The Nueva School campuses, like the rest of the Bay Area, sit on land that was once inhabited by the Ohlone people. To learn more about and celebrate the people on whose land we learn, second graders did a deep dive into the past and present lives of the Ohlone people. Their research culminated last Thursday with the second annual—and first in-person!—Ohlone Conference, where students presented to each other the questions they explored, the information they learned, and what they hope to investigate next. 

In pairs, second graders spent four weeks analyzing articles, listening to audio recordings, watching videos, and interpreting primary source photos to learn more about this indigenous nation of the San Francisco Peninsula. Students researched questions ranging from “Who are Ohlone changemakers?” and “What do Ohlone changemakers do all day” to “What are Ohlone customs and celebrations?” and “How do the Ohlone people respond to nature, weather, and natural disasters?”

To introduce the conference, second grade teacher Izzy Mayer said, “This is about learning from your classmates as much as it is about you presenting.”

During the conference, one by one pairs stood up in front of their peers and shared their research process, including what sources they used and what answers they found, before taking questions from the audience. 

“Our topic was land management,” Josh B. said. “We wanted to learn about this topic because we were interested in learning about Ohlone land.”

His partner Shuxian D. added, “We learned about wildfires and different kinds of pine cones.

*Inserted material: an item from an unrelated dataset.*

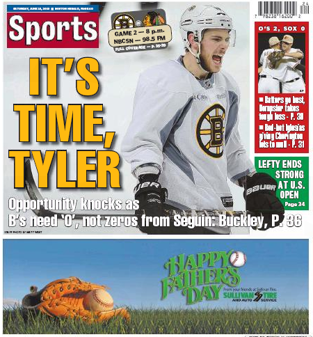 Assist to Tyler Seguin, who awoke Saturday morning to this Boston Herald back page:

We learned that fires have always been a part of California’s landscape.”

“We chose our topic [of Ohlone customs] because we wanted to learn about all of the rich cultures of the Ohlone tribe,” said Dawson Z., who worked with Jude S. on their project.

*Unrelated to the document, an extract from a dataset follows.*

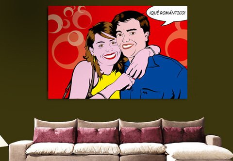 Retratos pop art personalizados individuales o en parejas siguiendo el estilo del genial artista y creativo Roy Lichtenstein. Mándanos tus fotos favoritas, elige el tamaño y en muy poco tiempo tendrás un auténtico retrato Lich en tu poder.

During Emily L. and Avi T.’s presentation, Emily shared that in the past and still to today “male dancers represent warriors, protectors, and storytellers.” 

“It was especially important that the questions students explored not just touched on who the Ohlone people were,” second grade teacher Samantha Stevens explained, “but also who the Ohlone people are.” 

This focus underpins much of the learning throughout our youngest division. Lower School Division Head Megan Terra, who also attended the Ohlone Conference, said, “Across the curricula in the lower school, we want to lift up a broad representation of communities and share not only who they have been but also their vibrancy now.”

Once all the presentations were finished, students and teachers shared appreciations to one another. 

Jonah Z. shared, “I appreciate Alistair and William because they took a lot of time on their poster.” 

Owen R. appreciated his classmates, Logan and Ellie “for being brave and going first.” 

Following the conference Megan reflected on how impactful culminations like these are for students.

“One thing the second grade team does beautifully is having culminations of their learning throughout the year,” Megan said. “This is a special space that allows students to highlight what they have learned, and it demonstrates the importance of shared learning.” 

In addition to learning about the Ohlone people, this project also helps students build key foundational skills. 

“This is such a great interdisciplinary project,” Megan said. “In science, they have done local ecology studies, and learned about indigenous and colonized plants. There is also a key focus on reading, writing, and communication skills, as well as listening skills and partnership skills.”

It was clear to all those in attendance last week, the second grade history detectives met the challenge they were given, orating proudly and sharing a vast array of information on who the Ohlone people were and who they continue to be.